Dataset section:
━━━━

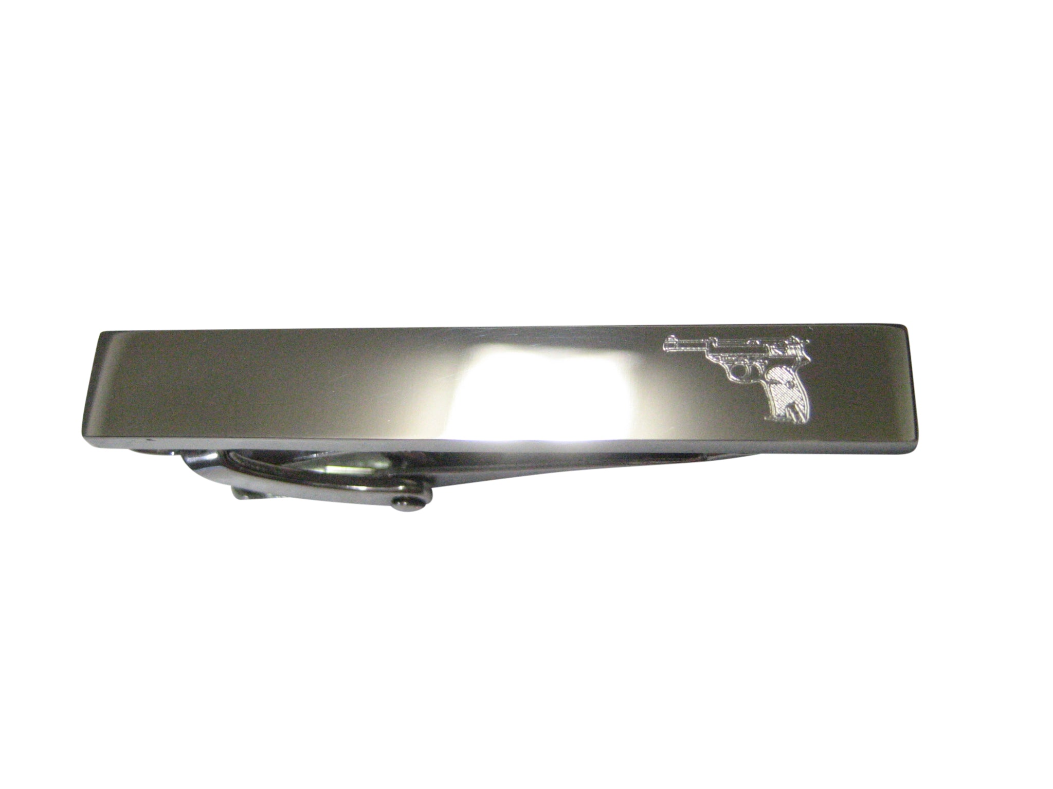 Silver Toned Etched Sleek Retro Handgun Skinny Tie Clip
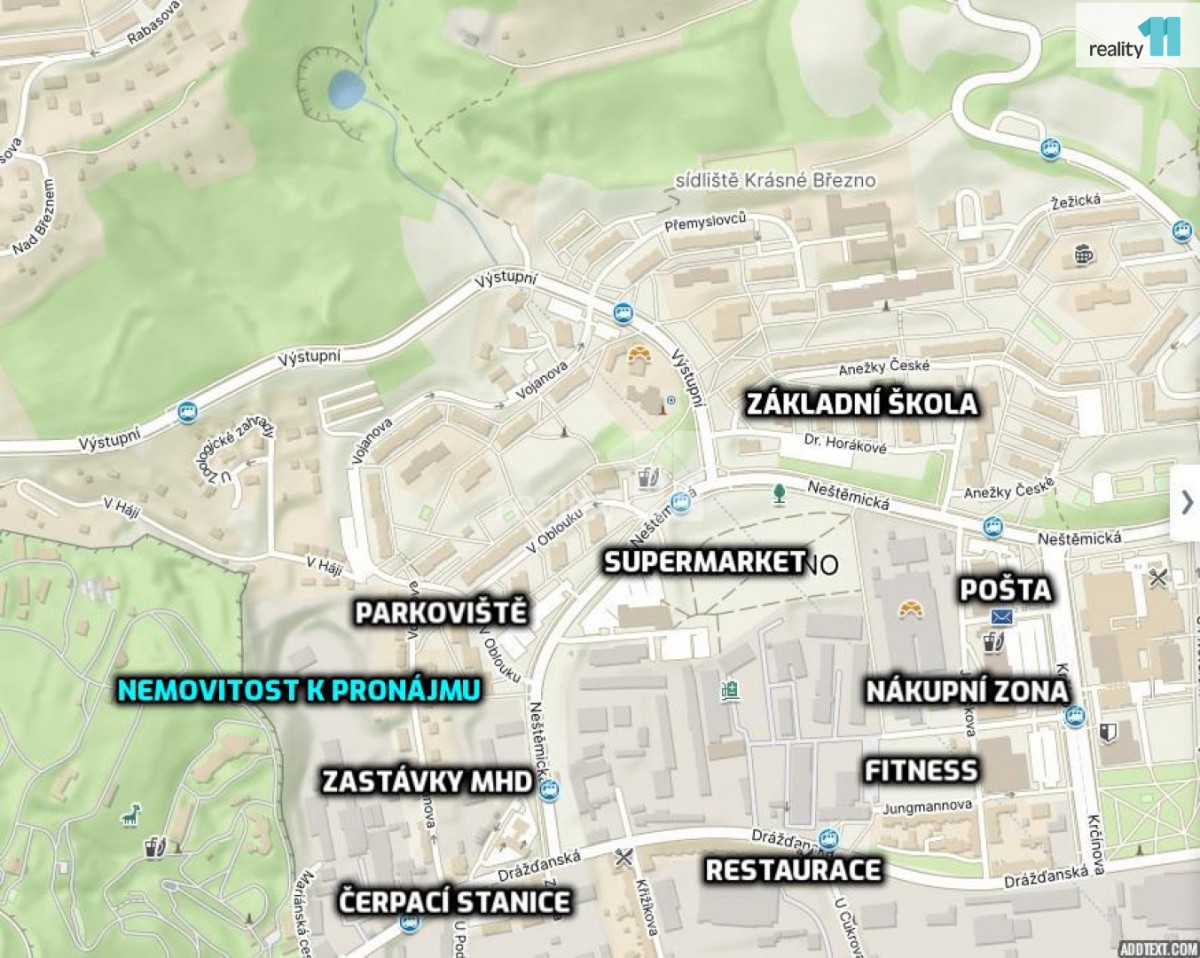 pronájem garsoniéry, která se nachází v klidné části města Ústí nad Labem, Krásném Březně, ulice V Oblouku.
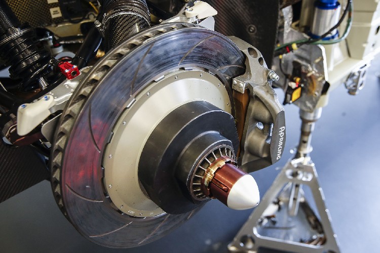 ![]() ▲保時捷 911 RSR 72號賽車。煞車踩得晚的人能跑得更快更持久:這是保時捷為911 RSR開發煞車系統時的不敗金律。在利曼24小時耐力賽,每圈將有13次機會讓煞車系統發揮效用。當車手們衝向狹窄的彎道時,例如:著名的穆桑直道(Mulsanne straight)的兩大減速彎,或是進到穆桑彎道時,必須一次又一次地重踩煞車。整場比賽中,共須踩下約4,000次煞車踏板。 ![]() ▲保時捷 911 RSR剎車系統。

━━━━

What the exercise asks: Reproduce each line above exactly, but not a single picture.

Result of this task:
 Silver Toned Etched Sleek Retro Handgun Skinny Tie Clip
 pronájem garsoniéry, která se nachází v klidné části města Ústí nad Labem, Krásném Březně, ulice V Oblouku.
 ![]() ▲保時捷 911 RSR 72號賽車。煞車踩得晚的人能跑得更快更持久:這是保時捷為911 RSR開發煞車系統時的不敗金律。在利曼24小時耐力賽,每圈將有13次機會讓煞車系統發揮效用。當車手們衝向狹窄的彎道時,例如:著名的穆桑直道(Mulsanne straight)的兩大減速彎,或是進到穆桑彎道時,必須一次又一次地重踩煞車。整場比賽中,共須踩下約4,000次煞車踏板。 ![]() ▲保時捷 911 RSR剎車系統。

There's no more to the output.